PROBLEM TO WORK ON: Report how many lines of the entries below contain the word "efficient", and nothing more.

━━ DATASET EXTRACT ━━

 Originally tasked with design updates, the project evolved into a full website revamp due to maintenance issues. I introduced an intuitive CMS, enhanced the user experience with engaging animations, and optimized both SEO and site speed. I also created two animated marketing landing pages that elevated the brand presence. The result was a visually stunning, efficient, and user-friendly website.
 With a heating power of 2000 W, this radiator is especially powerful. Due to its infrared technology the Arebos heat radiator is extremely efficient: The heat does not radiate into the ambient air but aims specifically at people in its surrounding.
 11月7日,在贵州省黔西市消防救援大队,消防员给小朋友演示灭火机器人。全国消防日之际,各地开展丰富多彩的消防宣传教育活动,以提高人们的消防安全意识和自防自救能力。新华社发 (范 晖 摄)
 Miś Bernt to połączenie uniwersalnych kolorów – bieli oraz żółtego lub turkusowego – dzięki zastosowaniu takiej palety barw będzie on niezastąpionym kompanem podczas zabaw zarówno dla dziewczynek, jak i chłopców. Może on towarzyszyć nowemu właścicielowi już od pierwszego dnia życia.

━━━
━━ DATASET EXTRACT ━━

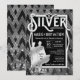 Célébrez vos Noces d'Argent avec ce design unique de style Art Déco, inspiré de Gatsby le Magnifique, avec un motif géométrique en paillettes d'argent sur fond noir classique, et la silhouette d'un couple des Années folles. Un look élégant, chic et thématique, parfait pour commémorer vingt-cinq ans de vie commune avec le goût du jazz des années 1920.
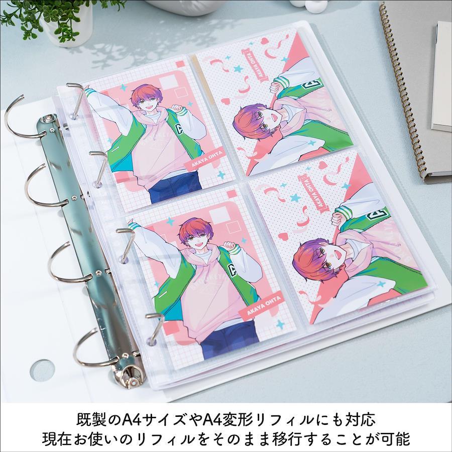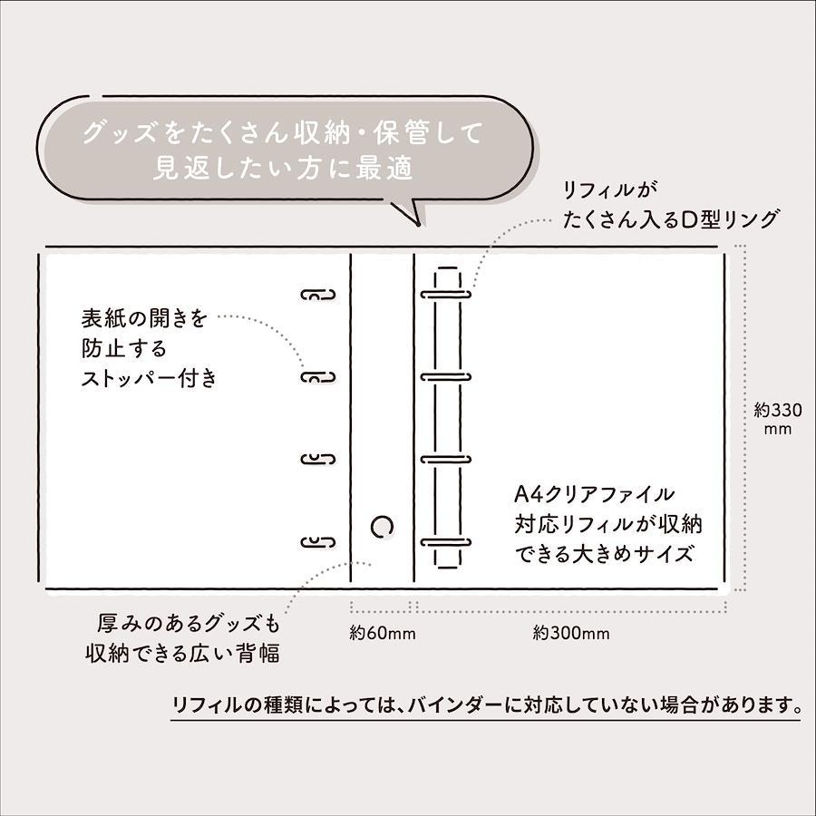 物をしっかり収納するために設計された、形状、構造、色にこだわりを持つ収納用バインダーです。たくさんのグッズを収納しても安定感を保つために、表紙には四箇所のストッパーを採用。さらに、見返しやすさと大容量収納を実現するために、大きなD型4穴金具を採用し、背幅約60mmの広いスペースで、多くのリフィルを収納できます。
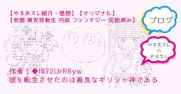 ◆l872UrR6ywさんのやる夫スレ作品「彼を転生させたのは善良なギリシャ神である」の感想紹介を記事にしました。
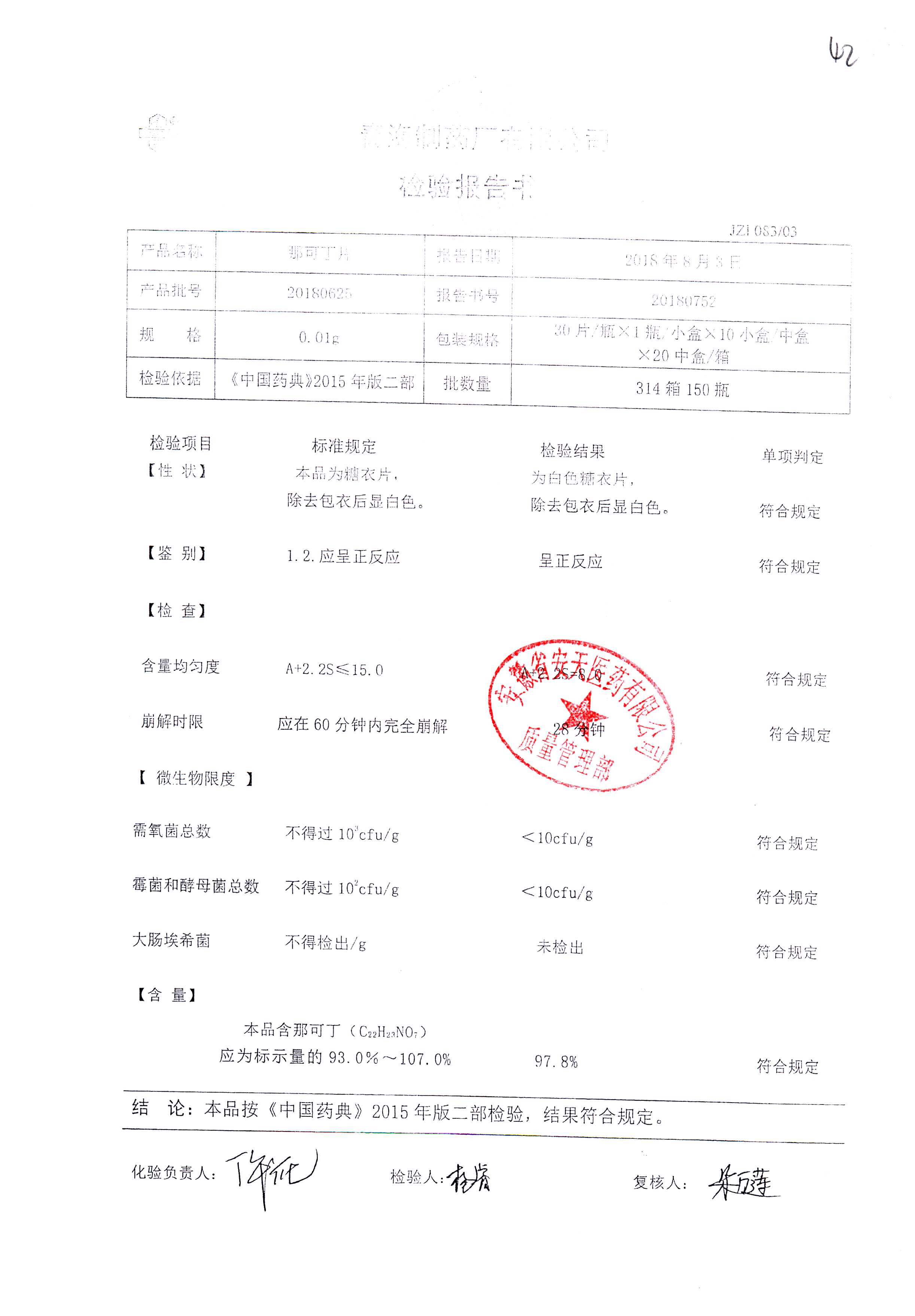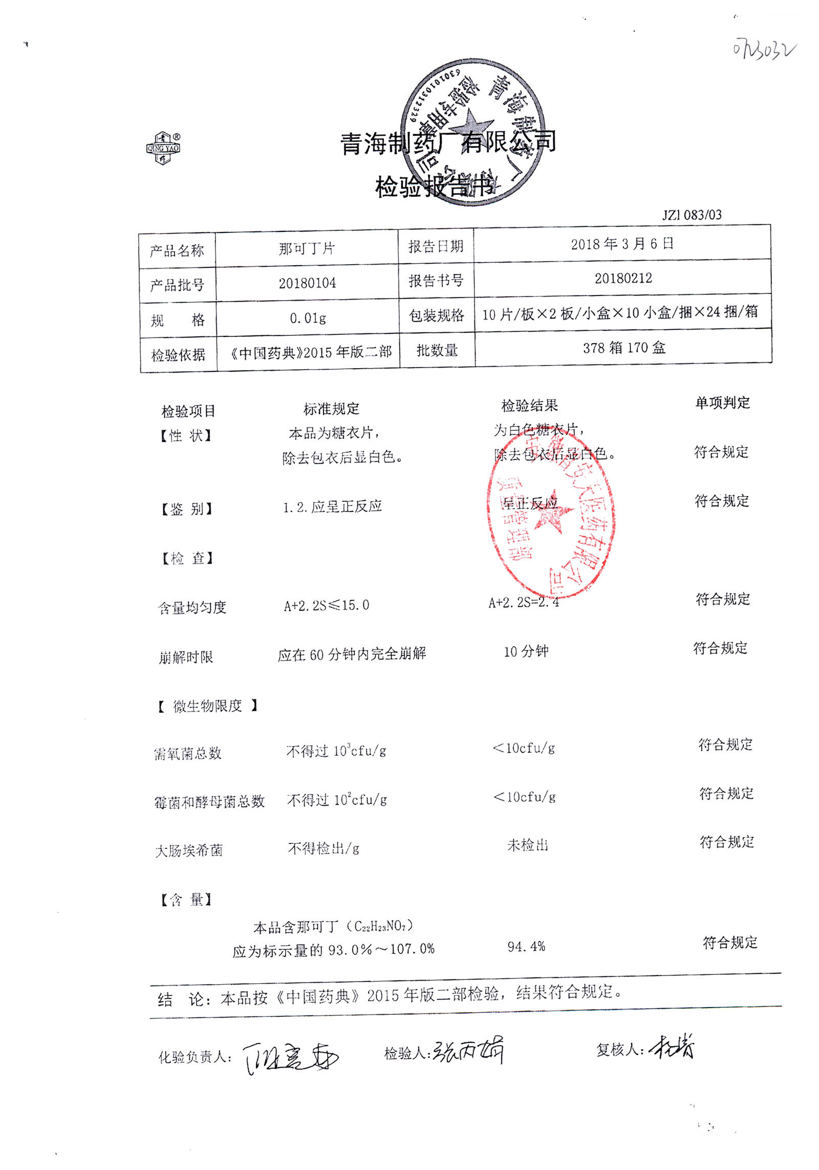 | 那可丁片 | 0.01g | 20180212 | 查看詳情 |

━━━

OUTPUT: 2